Data follows below. Repeat exactly the lines between the line holding "Rossland & Garden" and the line holding "Maskingenkendt tekst fra", inclusive, and nothing more; drop pictures.

INFORMATION SUPPLIED
= = =

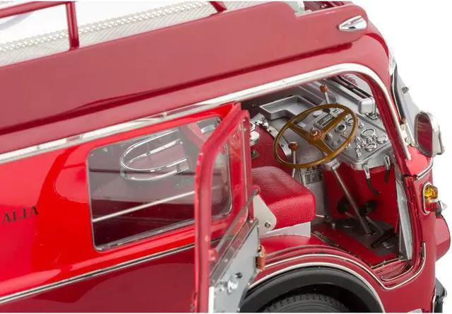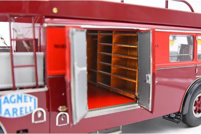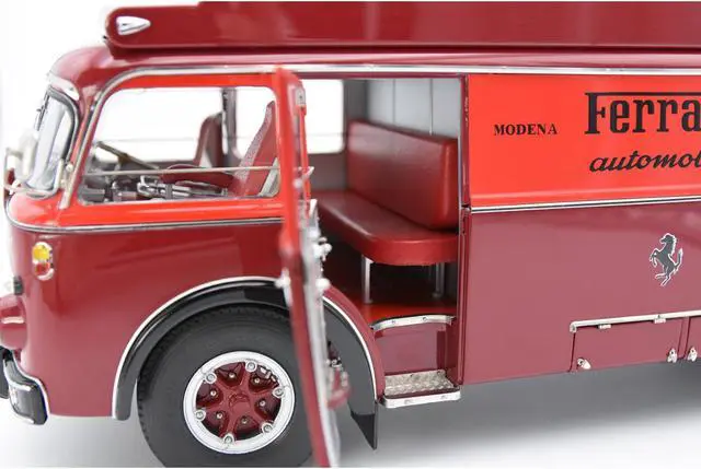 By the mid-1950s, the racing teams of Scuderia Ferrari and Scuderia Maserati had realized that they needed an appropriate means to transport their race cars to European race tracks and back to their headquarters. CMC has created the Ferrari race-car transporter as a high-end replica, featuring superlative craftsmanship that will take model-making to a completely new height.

= = =

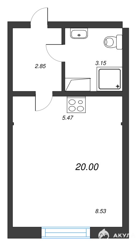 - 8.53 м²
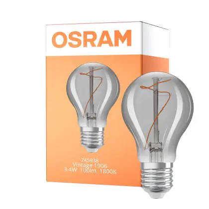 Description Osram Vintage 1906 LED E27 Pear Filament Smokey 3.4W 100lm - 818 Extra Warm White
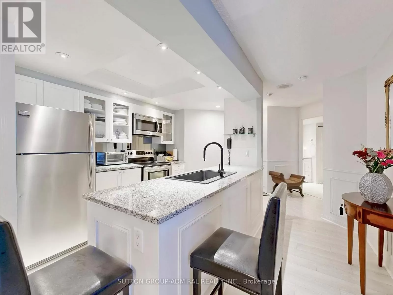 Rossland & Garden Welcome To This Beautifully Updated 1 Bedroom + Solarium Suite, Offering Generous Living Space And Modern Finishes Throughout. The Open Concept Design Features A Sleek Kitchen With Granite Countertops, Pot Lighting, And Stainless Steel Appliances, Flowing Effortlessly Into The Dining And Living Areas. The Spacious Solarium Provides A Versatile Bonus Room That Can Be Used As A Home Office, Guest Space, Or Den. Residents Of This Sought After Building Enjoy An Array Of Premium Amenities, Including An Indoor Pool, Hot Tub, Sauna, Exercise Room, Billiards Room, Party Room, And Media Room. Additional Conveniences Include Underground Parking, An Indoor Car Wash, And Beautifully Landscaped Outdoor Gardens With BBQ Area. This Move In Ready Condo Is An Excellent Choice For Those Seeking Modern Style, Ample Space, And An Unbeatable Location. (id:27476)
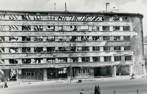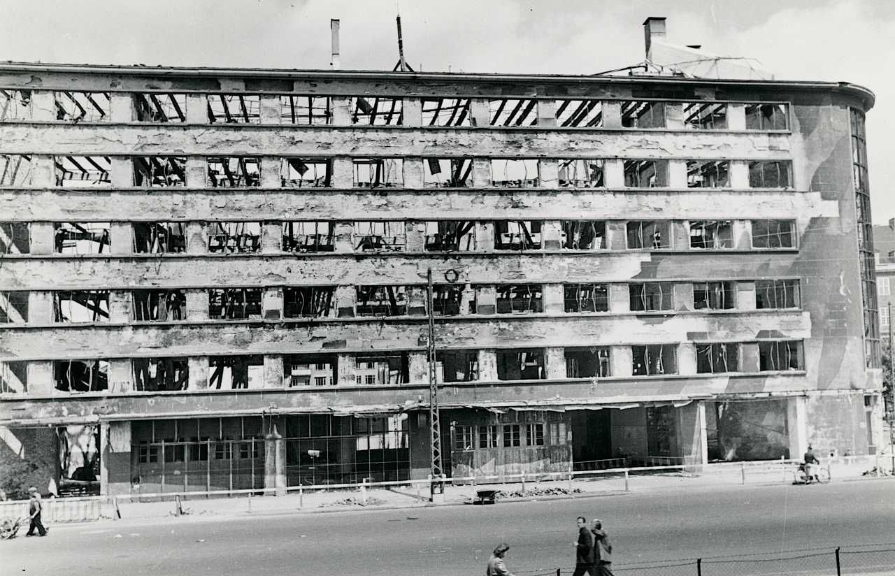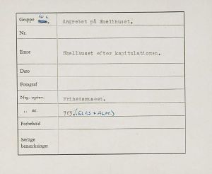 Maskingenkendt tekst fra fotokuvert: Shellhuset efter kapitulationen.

= = =

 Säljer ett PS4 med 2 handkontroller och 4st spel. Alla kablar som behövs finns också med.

= = =

EXERCISE RESULT
 Rossland & Garden Welcome To This Beautifully Updated 1 Bedroom + Solarium Suite, Offering Generous Living Space And Modern Finishes Throughout. The Open Concept Design Features A Sleek Kitchen With Granite Countertops, Pot Lighting, And Stainless Steel Appliances, Flowing Effortlessly Into The Dining And Living Areas. The Spacious Solarium Provides A Versatile Bonus Room That Can Be Used As A Home Office, Guest Space, Or Den. Residents Of This Sought After Building Enjoy An Array Of Premium Amenities, Including An Indoor Pool, Hot Tub, Sauna, Exercise Room, Billiards Room, Party Room, And Media Room. Additional Conveniences Include Underground Parking, An Indoor Car Wash, And Beautifully Landscaped Outdoor Gardens With BBQ Area. This Move In Ready Condo Is An Excellent Choice For Those Seeking Modern Style, Ample Space, And An Unbeatable Location. (id:27476)
 Maskingenkendt tekst fra fotokuvert: Shellhuset efter kapitulationen.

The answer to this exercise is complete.